• [Data entries]:
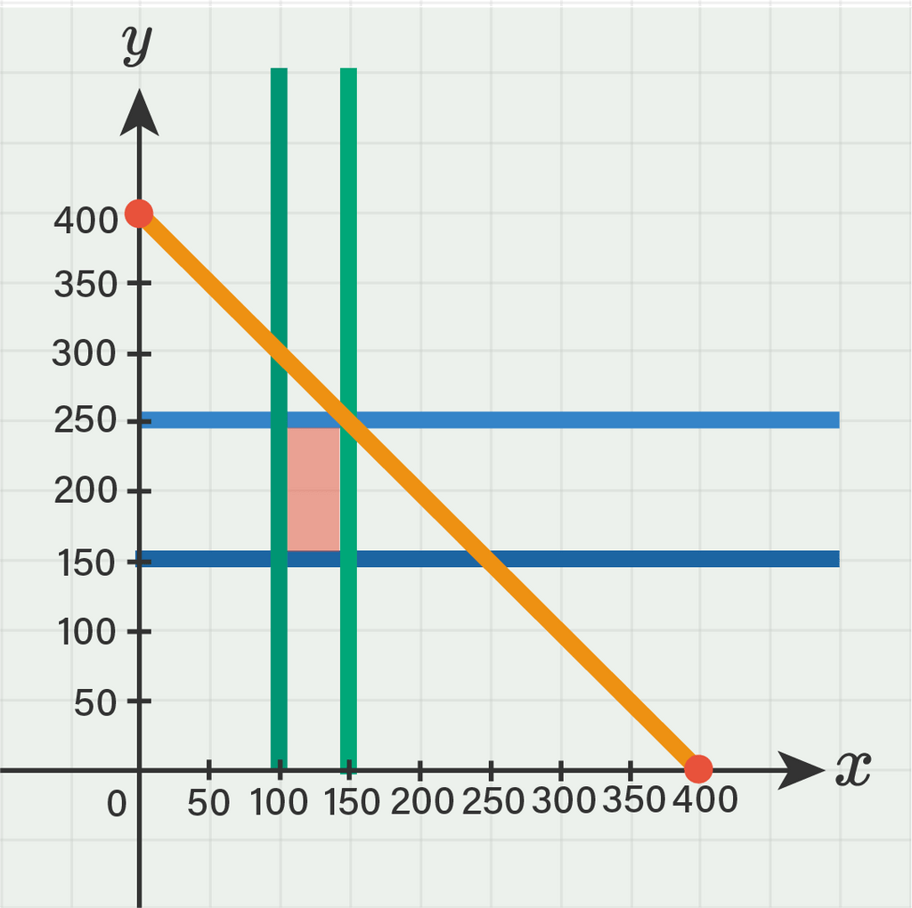 Seorang pemilik toko ingin mengisi tokonya dengan sepatu laki-laki paling sedikit 100 pasang dan sepatu wanita 150 pasang. Toko tersebut hanya dapat menampung 400 pasang sepatu. Keuntungan setiap pasang sepatu laki-laki adalah Rp15.000,00 dan keuntungan sepatu wanita adalah Rp10.000,00. Jika banyak sepatu laki-laki tidak boleh melebihi 150 pasang dan sepatu wanita tidak boleh melebihi 250 pasang, maka keuntungan terbesar yang diperoleh oleh pemilik toko adalah....
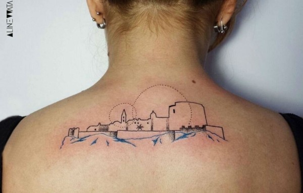 女生背部黑色线条素描创意文艺唯美城堡纹身图片
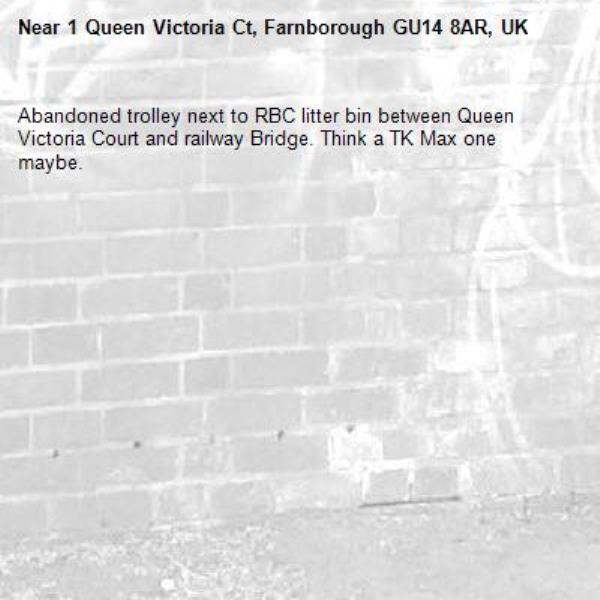 Abandoned trolley next to RBC litter bin between Queen Victoria Court and railway Bridge. Think a TK Max one maybe.
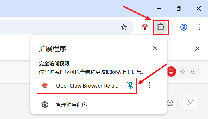 - 在右上角,点击扩展,点击“OpenClaw Browser Relay for Chrome”插件,选择固定到搜索栏里面
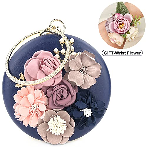 Everfunny Pochette da donna Borse Borse di Forma Rotonda Borsa da sera Fiore Perline Prom Wedding Evening Borsa, blu navy, Medium
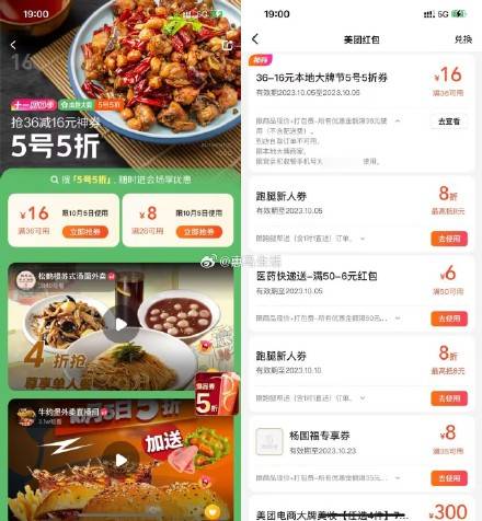 美团本地大牌节领36减16元券,券仅限10月5日当天使用

• [EXERCISE]:
Locate the line containing "Everfunny Pochette da" in the records above, then output it and every line after it through the last, excluding pictures.

• [ANSWER SECTION]:
 Everfunny Pochette da donna Borse Borse di Forma Rotonda Borsa da sera Fiore Perline Prom Wedding Evening Borsa, blu navy, Medium
 美团本地大牌节领36减16元券,券仅限10月5日当天使用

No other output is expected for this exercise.